McLemore M L, Grewal S, Liu F, Archambault A, Poursine-Laurent J, Haug J, Link D C
Division of Oncology, Department of Internal Medicine, Washington University School of Medicine, St. Louis, MO 63110, USA.
Immunity. 2001 Feb;14(2):193-204. doi: 10.1016/s1074-7613(01)00101-7.
To investigate the role of signal transducer and activator of transcription (STAT) proteins in granulocyte colony-stimulating factor (G-CSF)-regulated biological responses, we generated transgenic mice with a targeted mutation of their G-CSF receptor (termed d715F) that abolishes G-CSF-dependent STAT-3 activation and attenuates STAT-5 activation. Homozygous mutant mice are severely neutropenic with an accumulation of immature myeloid precursors in their bone marrow. G-CSF-induced proliferation and granulocytic differentiation of hematopoietic progenitors is severely impaired. Expression of a constitutively active form of STAT-3 in d715F progenitors nearly completely rescued these defects. Conversely, expression of a dominant-negative form of STAT-3 in wild-type progenitors results in impaired G-CSF-induced proliferation and differentiation. These data suggest that STAT-3 activation by the G-CSFR is critical for the transduction of normal proliferative signals and contributes to differentiative signals.
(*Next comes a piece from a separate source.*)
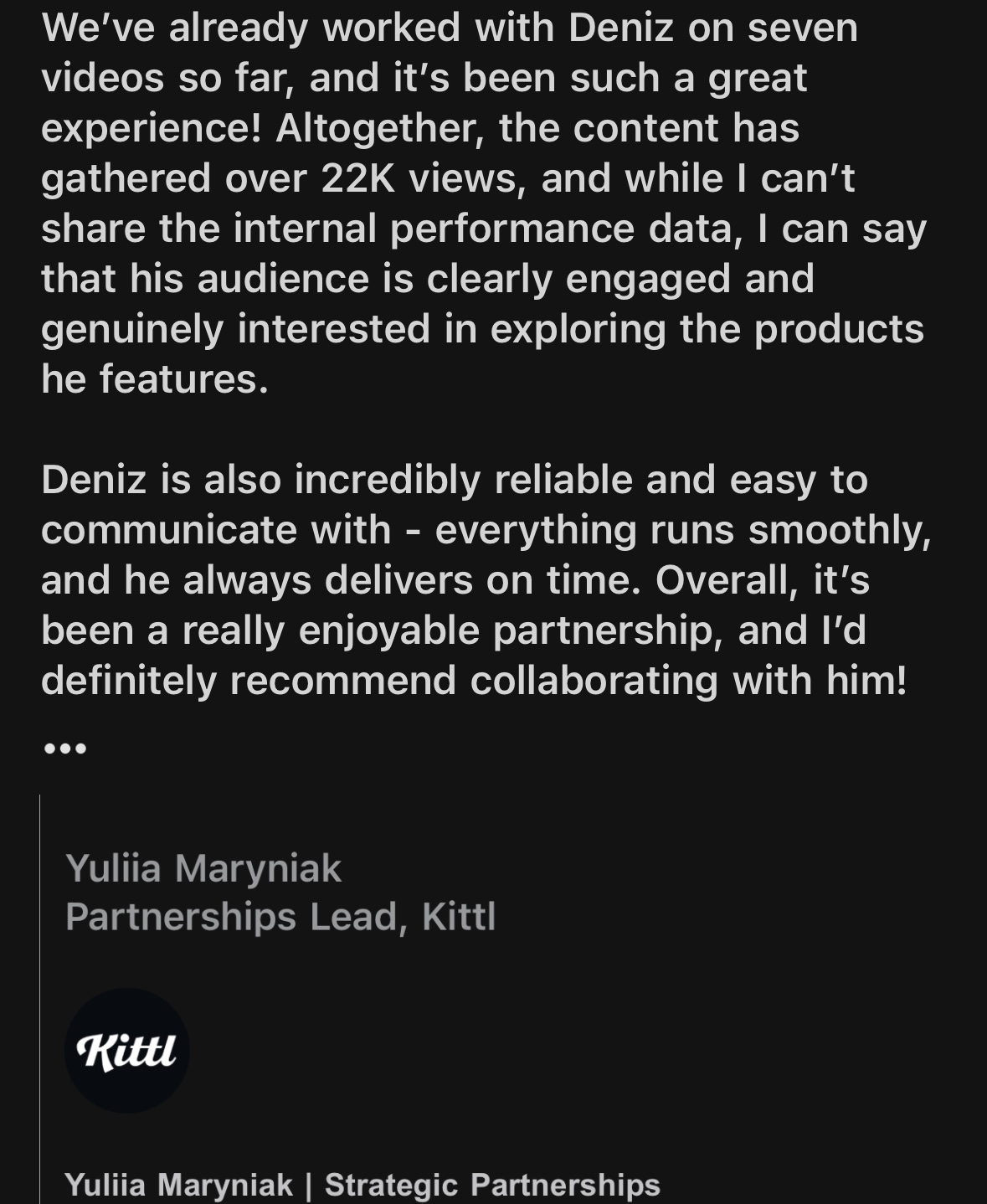 Worked with over 60 $1,000,000+ brands on social media content

为了研究信号转导及转录激活蛋白(STAT)在粒细胞集落刺激因子(G-CSF)调节的生物学反应中的作用,我们构建了G-CSF受体发生靶向突变(称为d715F)的转基因小鼠,该突变消除了G-CSF依赖的STAT-3激活并减弱了STAT-5激活。纯合突变小鼠严重中性粒细胞减少,骨髓中存在未成熟髓系前体细胞的积累。G-CSF诱导的造血祖细胞增殖和粒细胞分化严重受损。在d715F祖细胞中表达组成型活性形式的STAT-3几乎完全挽救了这些缺陷。相反,在野生型祖细胞中表达显性负性形式的STAT-3会导致G-CSF诱导的增殖和分化受损。这些数据表明,G-CSFR激活STAT-3对于正常增殖信号的转导至关重要,并有助于分化信号的传递。